#### Exercise details:
Omit every picture. Return all other data as it stands.

#### Dataset extract:
- - -

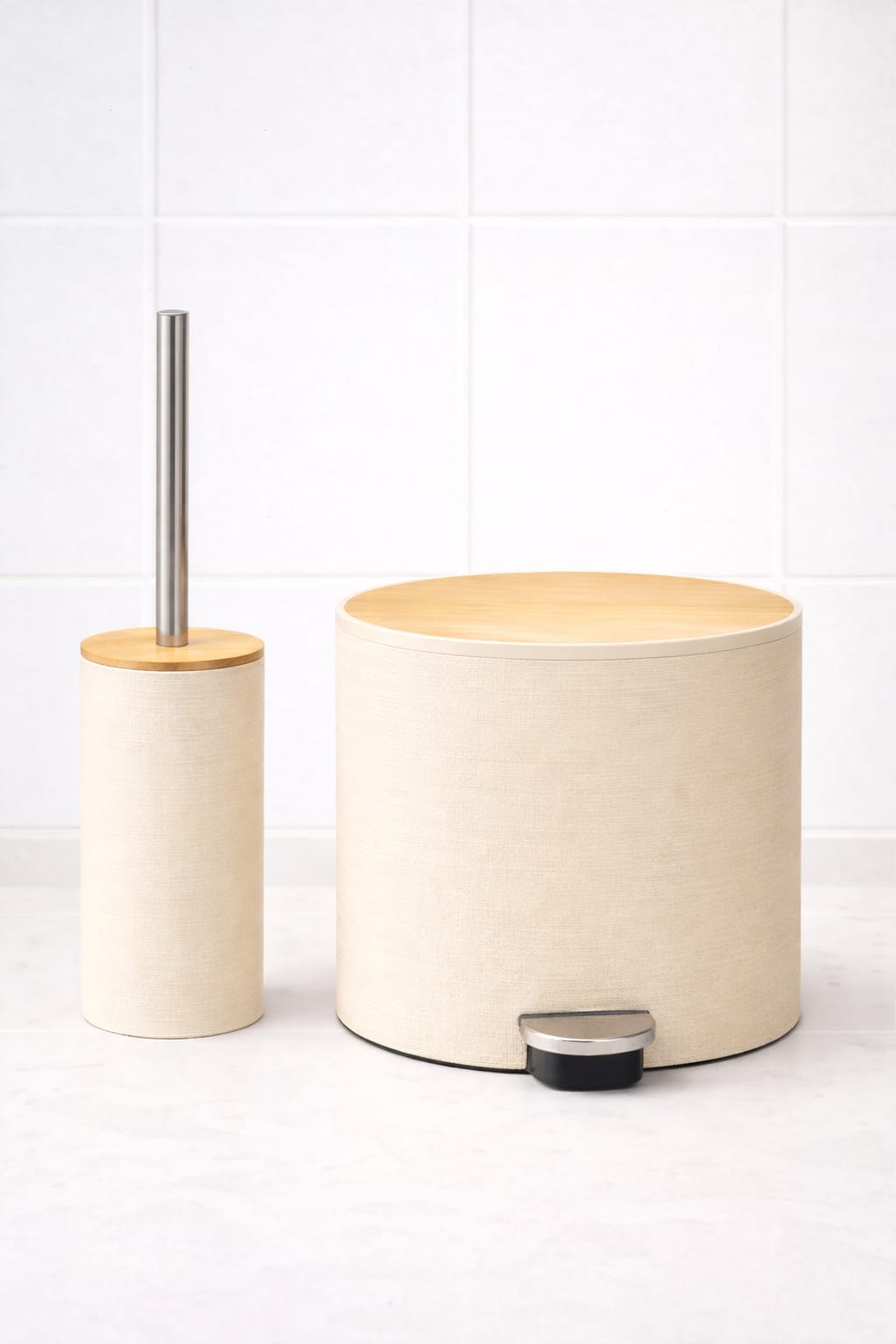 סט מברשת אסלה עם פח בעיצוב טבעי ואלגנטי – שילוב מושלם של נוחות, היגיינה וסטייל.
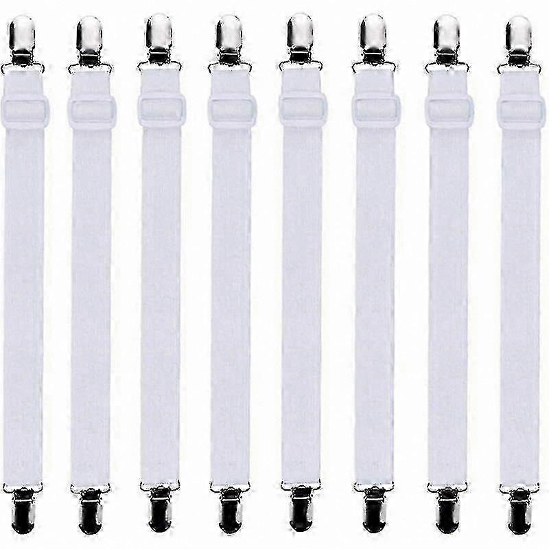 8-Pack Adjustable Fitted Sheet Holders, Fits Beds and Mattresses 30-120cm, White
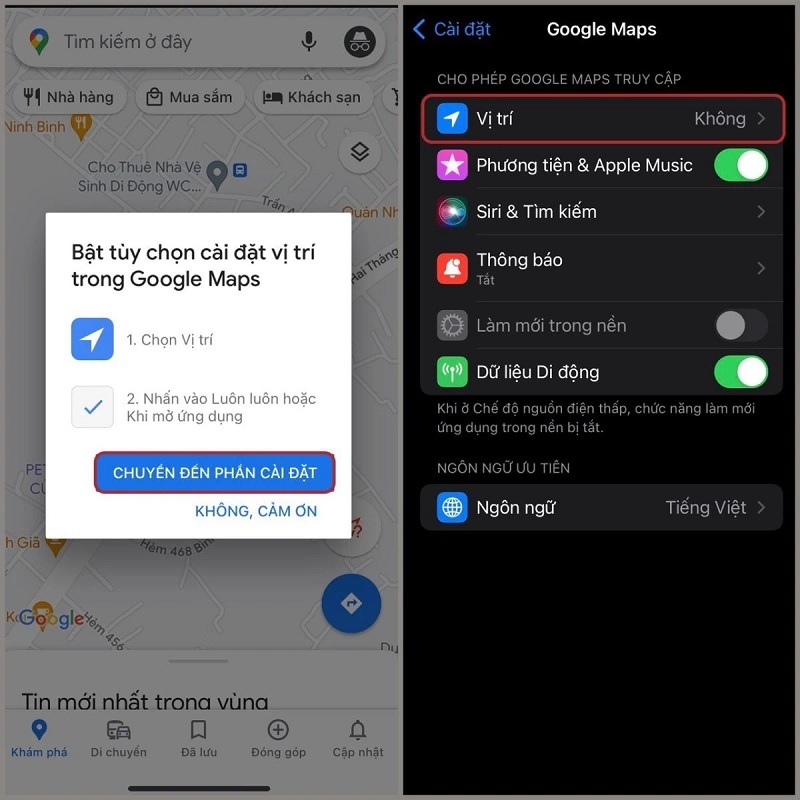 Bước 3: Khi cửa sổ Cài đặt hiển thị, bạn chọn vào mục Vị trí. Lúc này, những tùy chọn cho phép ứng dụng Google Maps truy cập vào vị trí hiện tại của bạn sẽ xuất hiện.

- - -

#### Reply to the task:
 סט מברשת אסלה עם פח בעיצוב טבעי ואלגנטי – שילוב מושלם של נוחות, היגיינה וסטייל.
 8-Pack Adjustable Fitted Sheet Holders, Fits Beds and Mattresses 30-120cm, White
 Bước 3: Khi cửa sổ Cài đặt hiển thị, bạn chọn vào mục Vị trí. Lúc này, những tùy chọn cho phép ứng dụng Google Maps truy cập vào vị trí hiện tại của bạn sẽ xuất hiện.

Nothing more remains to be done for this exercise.